In the lexicon of critical clichés, “bracing” is the one I would choose to describe the Guggenheim’s ITALIAN FUTURISM, 1909–1944: RECONSTRUCTING THE UNIVERSE. I was startled, as if awakened, by its spiraling coherence and aesthetic range, and loved the byways down which it made me wander, including into the actorless kingdom of Futurist theater. I would not add that the exhibit is, in itself, “unflinching,” but I will say that it doesn’t whitewash or evade the movement’s patriarchal ideology or fascistic sympathies. Indeed, it is fascinating to look at the militaristic paintings and murals that some of its members produced for Mussolini; that they are nakedly aggressive, that there is nothing to be done to satisfy the impulses they contain except to invade and conquer, is almost refreshing. Compared to our own patriotic artworks, they seem – now I will use the word – “unflinchingly” honest; there’s no hiding behind notions of “defense”; the Futurist soldier is about territorial advancement and unapologetic domination. There is nothing noble about that, indeed it is despicable, but it cannot be said to obfuscate.
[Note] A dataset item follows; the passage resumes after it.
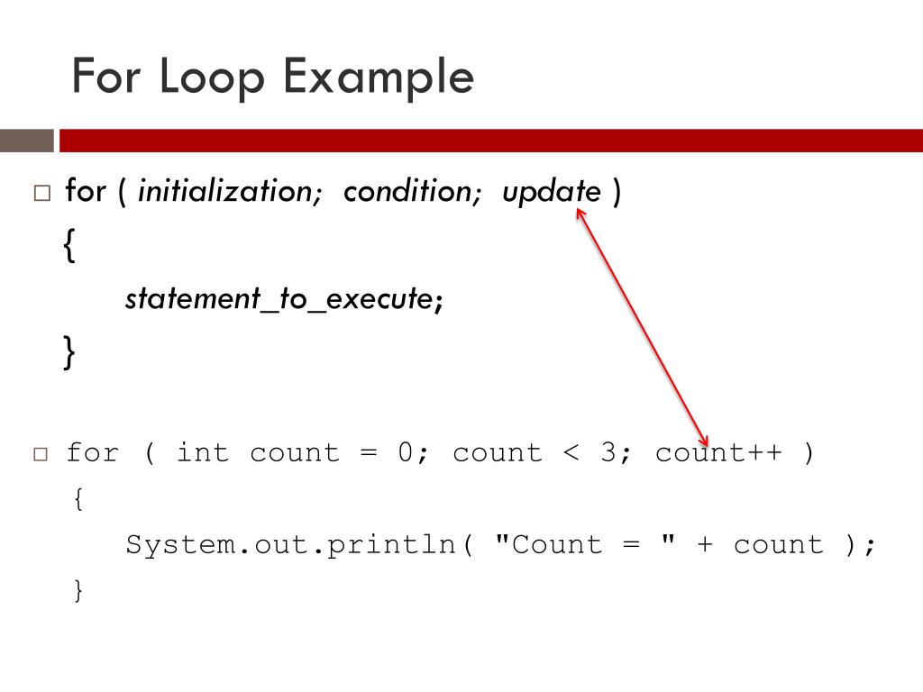 For Loop Example • for ( initialization; condition; update ) { statement_to_execute; } • for ( int count = 0; count < 3; count++ ) { System.out.println( "Count = " + count ); }

The Futurists celebrated dynamism, technology, drive, and, above all, masculinity; there were among their number few women, whose sex was, at least rhetorically, disdained. I say “at least rhetorically” to avoid accepting the gender essentialism upon which the writings of F.T. Marinetti, the movement’s founder and chief polemicist, depend. I would prefer to let stand the absurdity of his call for the abolition of such effeminate avocations as pasta eating and tango dancing, or, oddly enough coming from a fascist, Wagnerian opera (to be fair, he is given credit in a curatorial note for speaking out against anti-Semitism). Still, it is discomforting that, for those of us who draw spiritual energy from the arts, the creative vigor of an innovative aesthetic can distract from its embedded ideology or the worser uses to which it can be put.
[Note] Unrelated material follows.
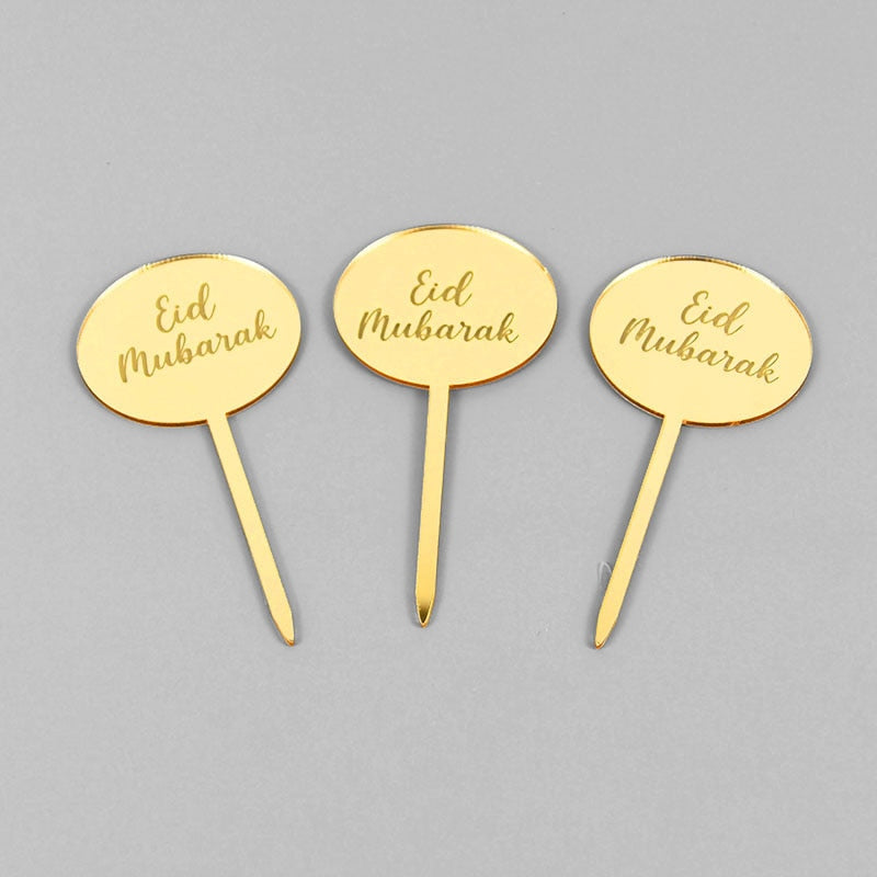 5/10pcs Eid Mubarak Acrylic Cupcake Topper Gold Ramadan Kareem Cake Topper Islamic Muslim Festival Party Cake DIY Decorations

It is vivifying, even if discomfiting, that the Futurists perceived, years before the internet, how new technologies alter human perspective and, it is not too much to say, consciousness. In their architectural renderings we see prefigured the postmodern city; in their cookbooks the aroma courses and artful platings of contemporary cuisine; in their daredevil views from the cockpits of airplanes the cinematic swoop of a Kubrick, a Lucas, or a Spielberg. No artistic movement, not even Dada, has so put the finger in the eye of official culture or tapped the potential of the manifesto as an exemplar of the values it propounds. Add the ‘60s happening, the participatory theater, installation art, and deconstructive criticism to the roll call of what Italian Futurism anticipated and perhaps made possible: who else has set the viewer so clearly at the center of the aesthetic experience? What’s done is done and cannot be undone, which excuses nothing and begs a sharper moral eye upon the arts of the present. But if ever a case has been made for an artistic movement as seminal, this exhibit does it, however much its founders might have hated its happening in, of all places, a museum.